Begin at the line containing "#spitfirecut: optical grade" and retype each line through the end of the records exactly. Include nothing else and no pictures.

Task inputs:
##########

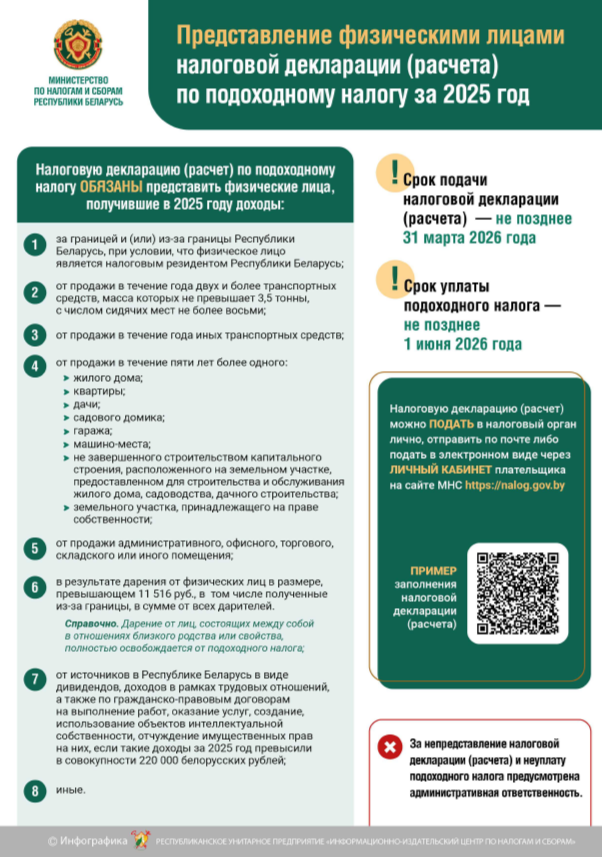 Представление физическими лицами налоговой декларации (расчета) по подоходному налогу за 2025 год
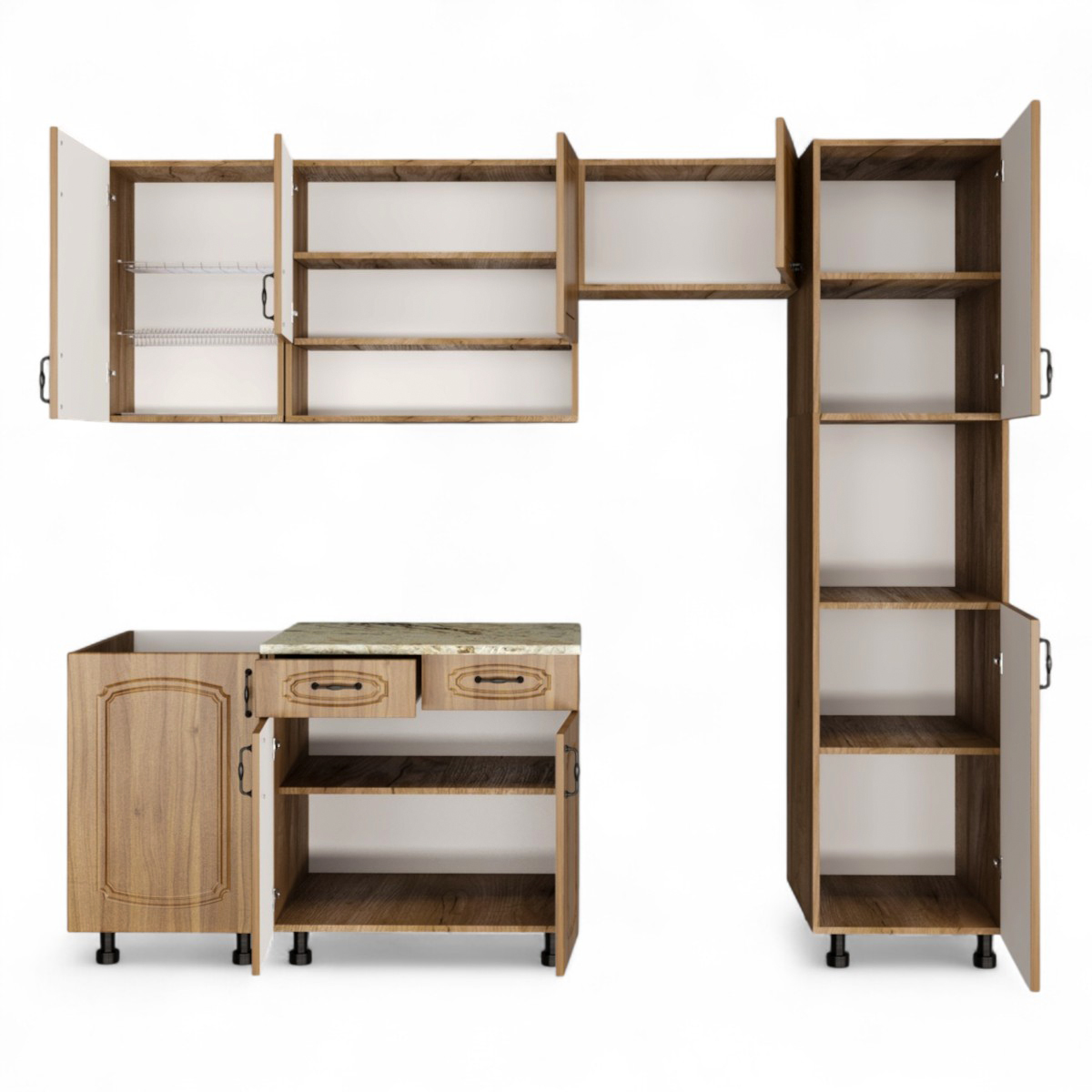 Кухонный гарнитур №4 Дуб крафт табачн./Орех антик (столеш Версаль+Сушка+планка) 1,8м
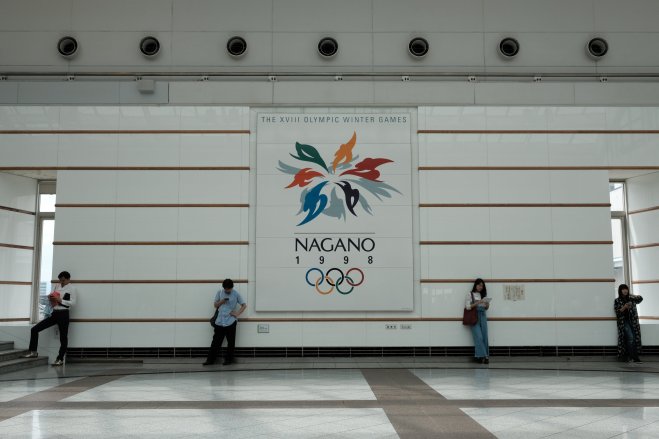 Olympics billboard, Nagano, Japan A billboard for the Olympic Games at Nagano Station in Nagano, Japan.
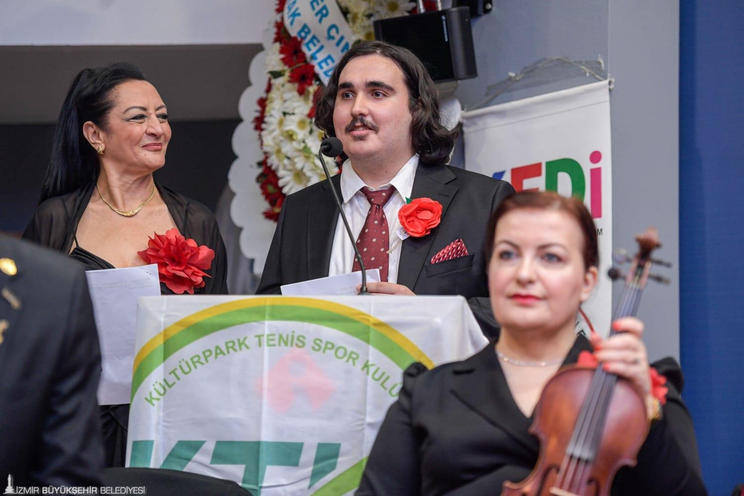 Kültürpark Tenis Spor Kulübü Korosu, Otizme Farkındalık Konseri ile dinleyicilere unutulmaz bir akşam yaşattı. İzmir Büyükşehir Belediyesi, Kültürpark Tenis Spor Kulübü ve KEDİ Otizm Derneği iş birliğiyle Ekonomi Üniversitesi Konferans Salonu’nda düzenlenen konserde, en güzel şarkılar farkındalık için seslendirildi. Bu yıl otizme dikkat çekmek amacıyla kırmızı rengin tercih edilmesi nedeniyle koristler kırmızı giysiler giydi. Ayrıca hem koristler hem de katılımcılar, yakalarına otizmli çocuklar tarafından hazırlanan kırmızı güller taktı. Koroda, otizmli korist Cem Vardarcı ile annesi Gülçin Vardarcı da yer aldı. Konserin sunuculuğunu üstlenen Mehmet Atalay Sağlık, atipik otizm tanısı bulunduğunu ve öğrenimini İzmir Katip Çelebi Üniversitesi Sosyal ve Beşeri Bilimler Fakültesi Tarih Bölümü’nde tamamladığını belirtti. Sağlık, “Sizler sayesinde farkımız ve farkındalığımız daha gür bir sesle daha fazla insana ulaşacak” dedi.
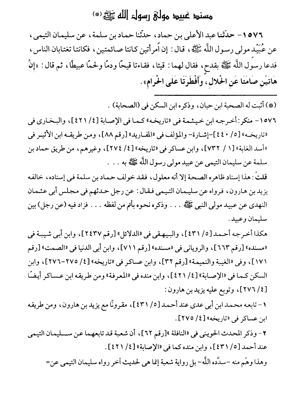 ١٥٧٦ - حدّثنا عبد الأعلى بن حمادٍ، حدّثنا حماد بن سلمة، عن سليمان التيمى، عن عُبَيْدٍ مولى رسول الله - صلى الله عليه وسلم -، قال: إن امرأتين كانتا صائمتين، فكانتا تغتابان الناس، فدعا رسول الله - صلى الله عليه وسلم - بقدحٍ، فقال لهما: قيئا، فقاءتا قيحًا ودمًا ولحمًا عبيطًا، ثم قال: "إِنَّ هَاتَيْنِ صَامَتا عَنِ الحلالِ، وَأَفْطَرَتَا عَلى الحرامِ".
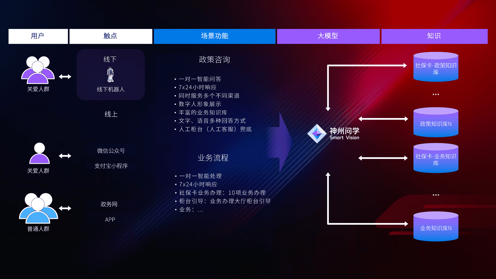 • 利用大语言模型+RAG技术,,,,支持多轮对话,,,,可识别多种同义词、、、近义词,,,,精准理解关爱人群语义快速输出结果。。
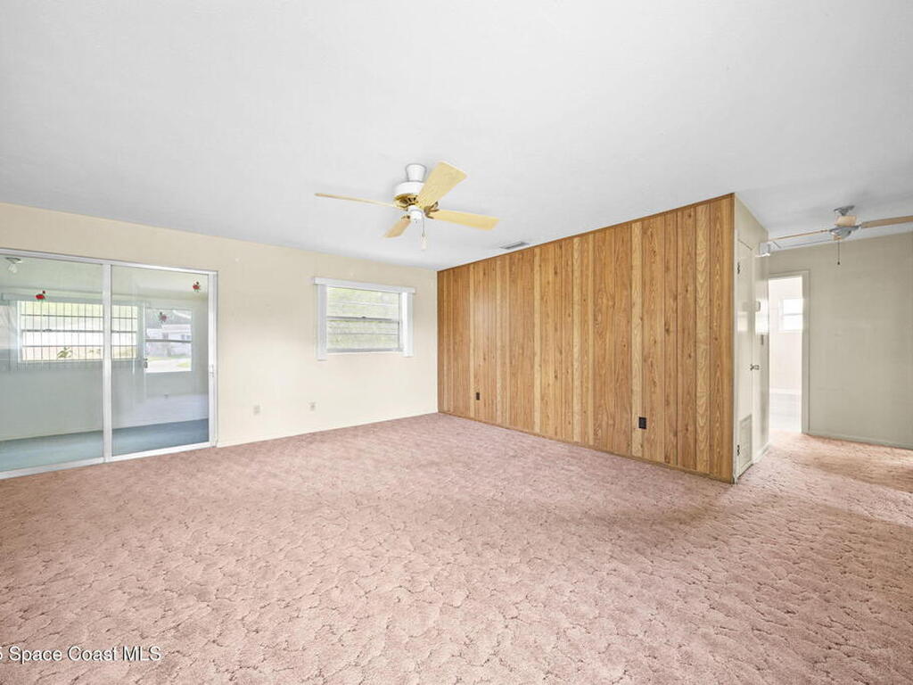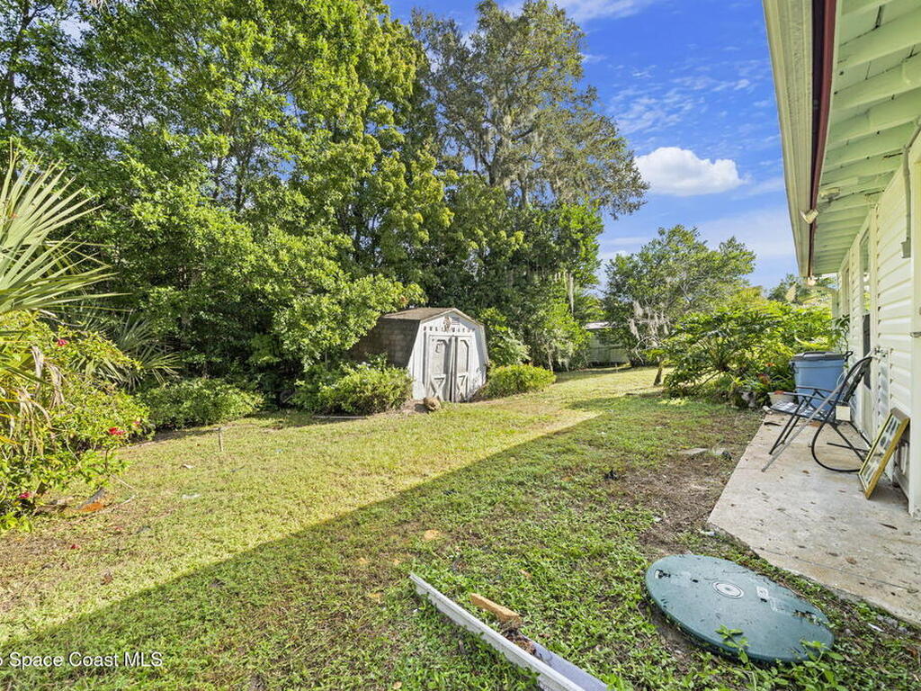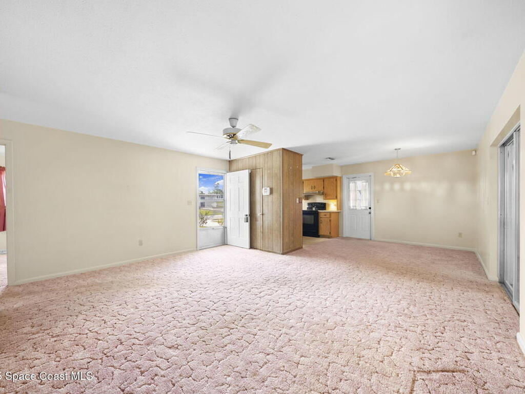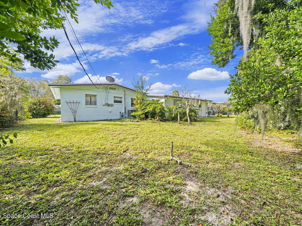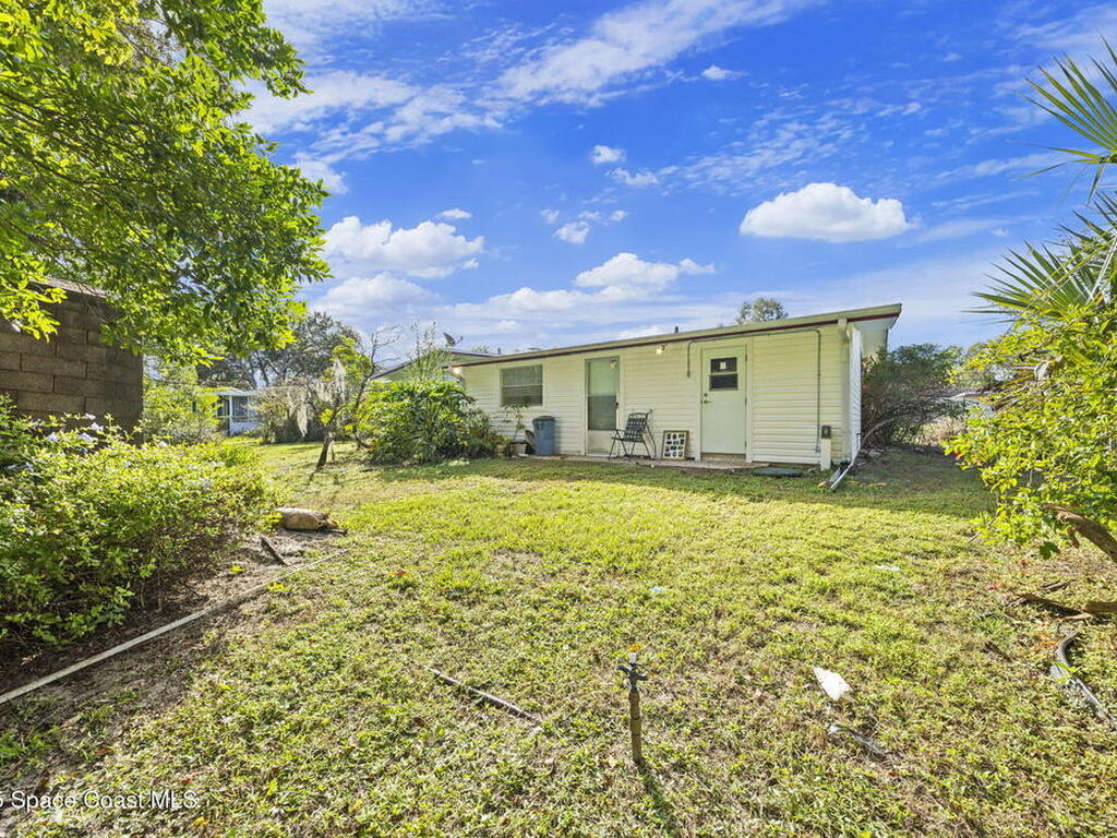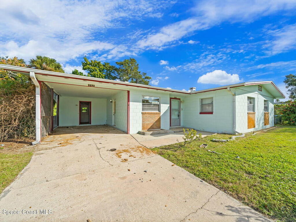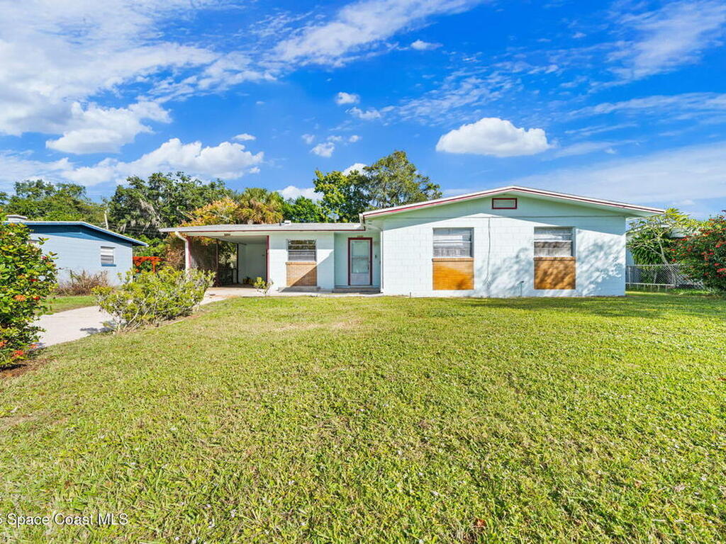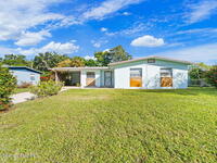 This property features a three-bedroom, two-bathroom layout with durable block construction a shingle roof & new 2025 AC. The residence also includes an extra living room and carport with a laundry room & locked storage space. Its convenient location offers easy access to shopping, dining, and a straightforward commute to Kennedy Space Center, nearby beaches, and I-95.
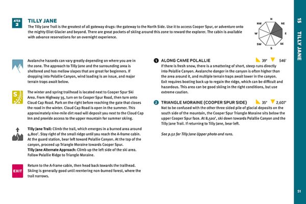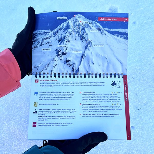 This 5.5” x 8.5” spiral-bound book covers the following zones: Tom Dick + Harry Mountain, Mount Hood Skibowl, Timberline Resort/Summit Pass, Alpine Trail, Palmer, Illumination Rock, Zigzag Canyon, Crater, Wy’ East, White River Canyon, Mount Hood Meadows, Peagravel Ridge, Pocket Creek, Bennett Pass, Tilly Jane, Snowdome, Upper Copper Spur, Barrett Spur, Sandy Glacier Headwall, Leuthold Couloir, Circumnavigation.
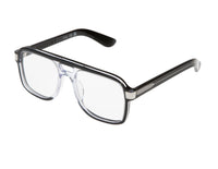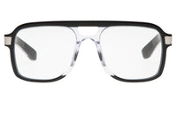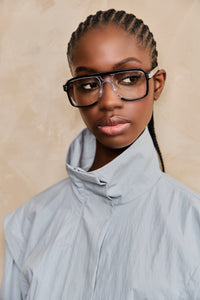 #spitfirecut: optical grade frames cut from Cellulose block Acetate with premium nylon, Anti-reflective Lenses & Ultra Violet protection. Aviator, two tone frames in black and clear with blue light blocking lenses. Ships with Custom Sunglass Case and microfiber cloth.
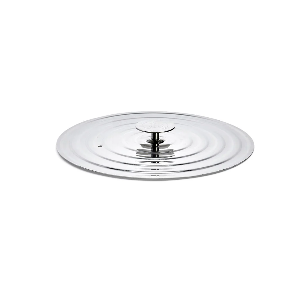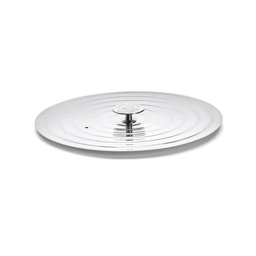 La Tapa de acero inoxidable para sartén De Buyer es una tapa universal apta para todas tus sartenes, paelleras, sautés, cazos y woks, sean de hierro, de acero inoxidable o antiadherentes. Ideal para evitar salpicaduras, es muy robusta y tan práctica como elegante. Dispone de un perfil reforzado que le proporciona una mayor estabilidad y a pesar de ser ligera, es de lo más resistente. Además, cuenta con un pequeño orificio que permite la salida del vapor.

##########

Response:
 #spitfirecut: optical grade frames cut from Cellulose block Acetate with premium nylon, Anti-reflective Lenses & Ultra Violet protection. Aviator, two tone frames in black and clear with blue light blocking lenses. Ships with Custom Sunglass Case and microfiber cloth.
 La Tapa de acero inoxidable para sartén De Buyer es una tapa universal apta para todas tus sartenes, paelleras, sautés, cazos y woks, sean de hierro, de acero inoxidable o antiadherentes. Ideal para evitar salpicaduras, es muy robusta y tan práctica como elegante. Dispone de un perfil reforzado que le proporciona una mayor estabilidad y a pesar de ser ligera, es de lo más resistente. Además, cuenta con un pequeño orificio que permite la salida del vapor.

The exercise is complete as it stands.